>>>>>
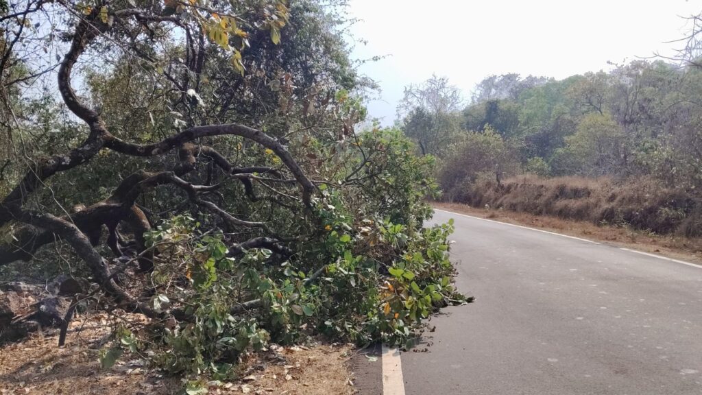 ⚡सावंतवाडी ता.०७-: आरोंदा ते मळेवाडकडे जाणाऱ्या मुख्यरस्त्याच्या बाजूला आरोंदा खरी येथे काजूचे भले मोठे झाड रस्त्यावर पडल्याने वाहनांस अडथळा निर्माण झाला आहे.हे काजूचे पडलेले भले मोठे झाड आणि रस्त्याच्या समोर मोठे वळण असल्याने वाहनचालकांची धांदल उडत आहे.अचानक समोरून वाहन आल्यास ते दिसत नसल्यामुळे अपघाताची शक्यता निर्माण झाली आहे.त्यामुळे लवकरात लवकर हे झाड बाजूला करण्याची मागणी…
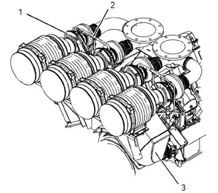 Perkins4016柴油發(fā)動(dòng)機(jī)在發(fā)動(dòng)機(jī)后端安裝了四個(gè)渦輪增壓器(1)。每個(gè)渦輪增壓囂的渦輪機(jī)側(cè)都連接至該渦輪增壓器的排氣歧管。每個(gè)渦輪增壓器的壓縮機(jī)側(cè)都通過(guò)管道與后冷器殼體相連。
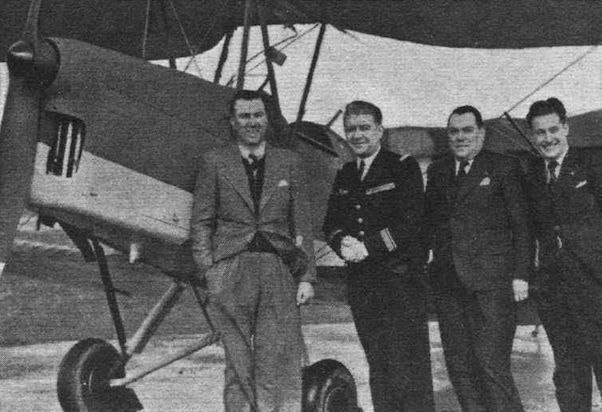 The group shows royal interest, 1924. The Prince of Wales (now Duke of Windsor) paid a visit to Southampton. On his left in this picture is Commander James Bird. Also in the group are Mr. R. J. Mitchell, the designer, and Capt. Biard, the test pilot.
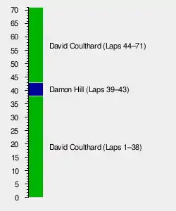 Two practice sessions were held before the race; the first was held on Friday morning and the second on Saturday morning. Both sessions lasted 1 hour and 45 minutes with weather conditions dry throughout.[4] Häkkinen set the fastest time in the first session, posting a lap of 1:23.073, one-tenth of a second quicker than Hill and Schumacher, in second and third places respectively. Coulthard was fourth, with the Ferrari cars fifth and sixth fastest; Gerhard Berger ahead of Jean Alesi.[1] Häkkinen was eleventh in the second practice session, two seconds slower than Hill, who was fastest with a time of 1:21.443. Coulthard was second in the Williams, eight-tenths of a second behind Hill. Schumacher was third, with Alesi fourth, both over a second behind Hill. Heinz-Harald Frentzen in a Sauber was fifth with Martin Brundle in the Ligier, Eddie Irvine in a Jordan and Berger rounding out the top eight positions.[1]
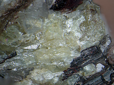 trigonales Kristallsystem; gelblich, leuchtend gelb; als kleine, körnige, kristalline Einschlüsse mit treppenförmigen Bruch. |
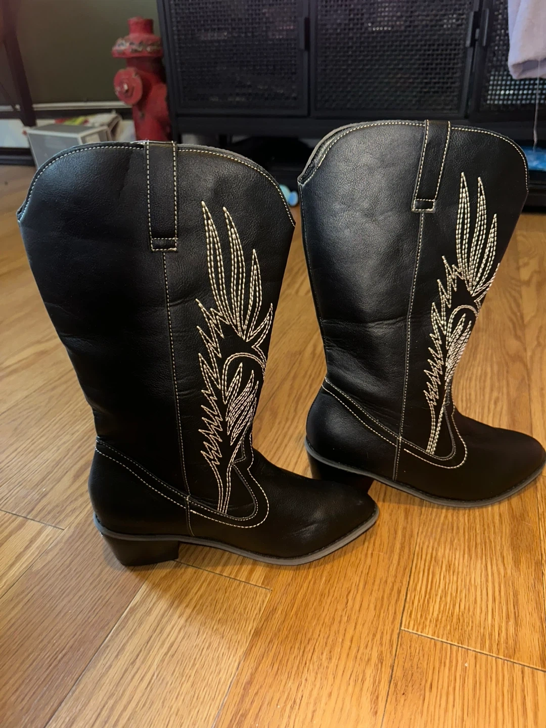 These black cowboy boots feature intricate white stitching details on the shaft and vamp. They have a classic Western silhouette with a comfortable block heel. Perfect for adding a touch of country style to any outfit!
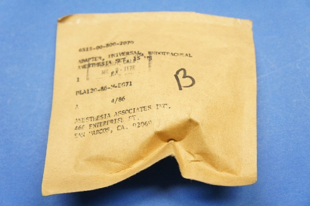 Special features: 15 mm female taper; supplements connectors and adapters of anesthesia set,6515-00-299-8687; for use with various size adapters and connectors,anesthia apparatus,6515-00-782-3924,and resuscitator-aspirator,former item 6515-00-890-1818
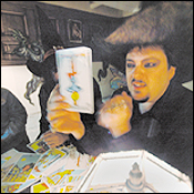 Prior to the mayor’s fund-raiser, Day sits in the decorated mall space amid the din of psychic readers and their clients at the festival’s Annual Psychic Fair and Witchcraft Expo. With his skull- and coffin-ringed fingers, he meticulously sews silver charms onto a black crushed velvet cape with thick black thread.
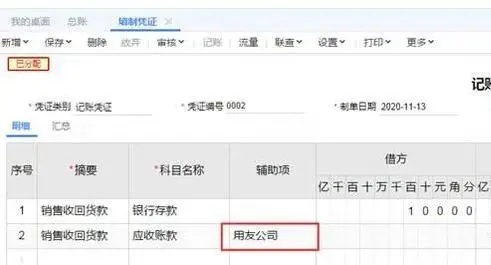 1、以用友T+为例,打开如图下凭证,辅助项为往来单位“用友公司”
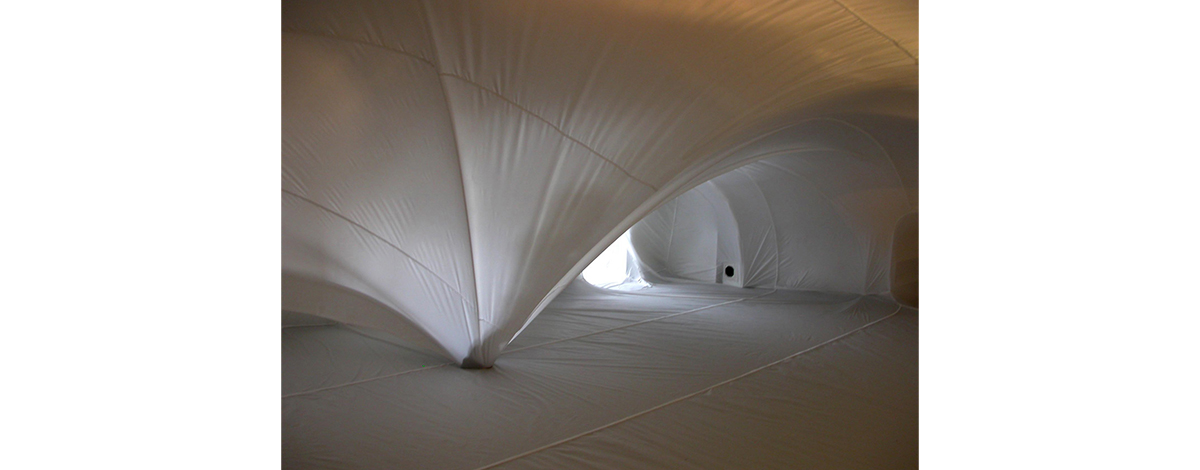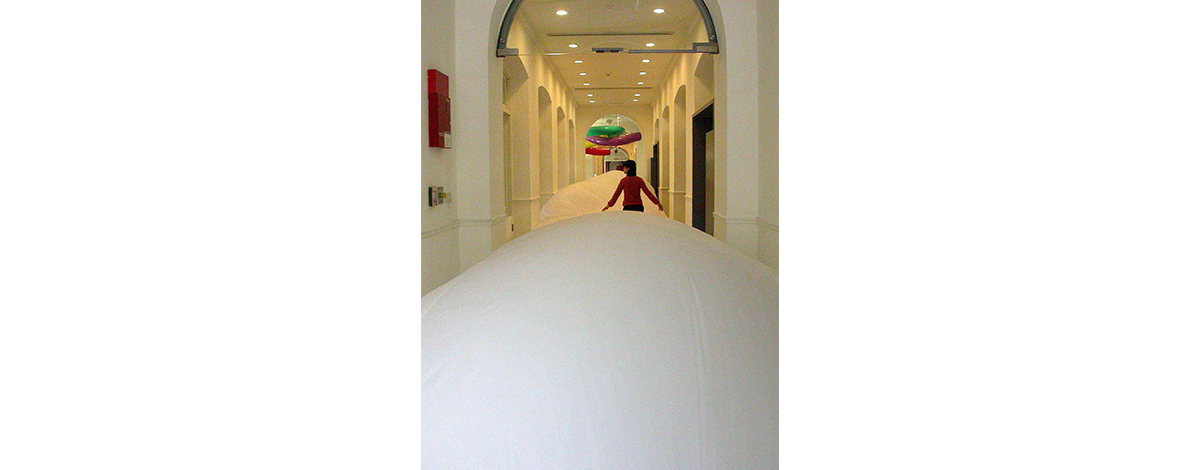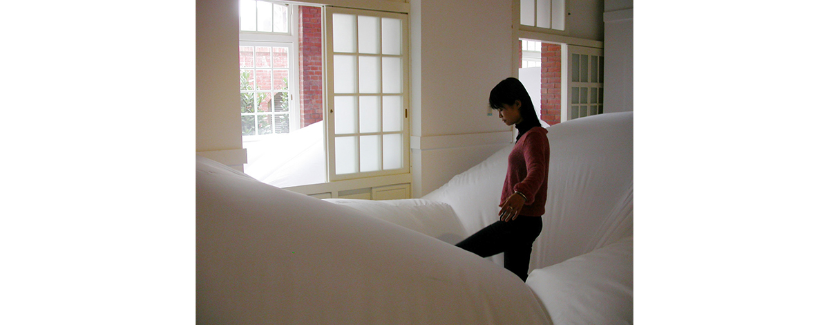 談到王德瑜的創作,最引人矚目的就是她的氣囊裝置。它通常是由布幕包裹,充氣而成,蘊含著一種造型的張力,並引導觀眾不斷移位,在它的內外空間進行種種觸探與遊玩。這是它律性與他人參與的空間營造,體現了當代藝術理念一項重要的轉折。在此當中,「膜」始終扮演著關鍵性的角色;它不僅是造型上的課題,更重要的是把我們帶往當代主體經驗的想像上。
<<<<<
● Exercise description
Would you please copy the material exactly, leaving all the pictures out?

● Expected output
 ⚡सावंतवाडी ता.०७-: आरोंदा ते मळेवाडकडे जाणाऱ्या मुख्यरस्त्याच्या बाजूला आरोंदा खरी येथे काजूचे भले मोठे झाड रस्त्यावर पडल्याने वाहनांस अडथळा निर्माण झाला आहे.हे काजूचे पडलेले भले मोठे झाड आणि रस्त्याच्या समोर मोठे वळण असल्याने वाहनचालकांची धांदल उडत आहे.अचानक समोरून वाहन आल्यास ते दिसत नसल्यामुळे अपघाताची शक्यता निर्माण झाली आहे.त्यामुळे लवकरात लवकर हे झाड बाजूला करण्याची मागणी…
 Perkins4016柴油發(fā)動(dòng)機(jī)在發(fā)動(dòng)機(jī)后端安裝了四個(gè)渦輪增壓器(1)。每個(gè)渦輪增壓囂的渦輪機(jī)側(cè)都連接至該渦輪增壓器的排氣歧管。每個(gè)渦輪增壓器的壓縮機(jī)側(cè)都通過(guò)管道與后冷器殼體相連。
 The group shows royal interest, 1924. The Prince of Wales (now Duke of Windsor) paid a visit to Southampton. On his left in this picture is Commander James Bird. Also in the group are Mr. R. J. Mitchell, the designer, and Capt. Biard, the test pilot.
 Two practice sessions were held before the race; the first was held on Friday morning and the second on Saturday morning. Both sessions lasted 1 hour and 45 minutes with weather conditions dry throughout.[4] Häkkinen set the fastest time in the first session, posting a lap of 1:23.073, one-tenth of a second quicker than Hill and Schumacher, in second and third places respectively. Coulthard was fourth, with the Ferrari cars fifth and sixth fastest; Gerhard Berger ahead of Jean Alesi.[1] Häkkinen was eleventh in the second practice session, two seconds slower than Hill, who was fastest with a time of 1:21.443. Coulthard was second in the Williams, eight-tenths of a second behind Hill. Schumacher was third, with Alesi fourth, both over a second behind Hill. Heinz-Harald Frentzen in a Sauber was fifth with Martin Brundle in the Ligier, Eddie Irvine in a Jordan and Berger rounding out the top eight positions.[1]
 trigonales Kristallsystem; gelblich, leuchtend gelb; als kleine, körnige, kristalline Einschlüsse mit treppenförmigen Bruch. |
 These black cowboy boots feature intricate white stitching details on the shaft and vamp. They have a classic Western silhouette with a comfortable block heel. Perfect for adding a touch of country style to any outfit!
 Special features: 15 mm female taper; supplements connectors and adapters of anesthesia set,6515-00-299-8687; for use with various size adapters and connectors,anesthia apparatus,6515-00-782-3924,and resuscitator-aspirator,former item 6515-00-890-1818
 Prior to the mayor’s fund-raiser, Day sits in the decorated mall space amid the din of psychic readers and their clients at the festival’s Annual Psychic Fair and Witchcraft Expo. With his skull- and coffin-ringed fingers, he meticulously sews silver charms onto a black crushed velvet cape with thick black thread.
 1、以用友T+为例,打开如图下凭证,辅助项为往来单位“用友公司”
 談到王德瑜的創作,最引人矚目的就是她的氣囊裝置。它通常是由布幕包裹,充氣而成,蘊含著一種造型的張力,並引導觀眾不斷移位,在它的內外空間進行種種觸探與遊玩。這是它律性與他人參與的空間營造,體現了當代藝術理念一項重要的轉折。在此當中,「膜」始終扮演著關鍵性的角色;它不僅是造型上的課題,更重要的是把我們帶往當代主體經驗的想像上。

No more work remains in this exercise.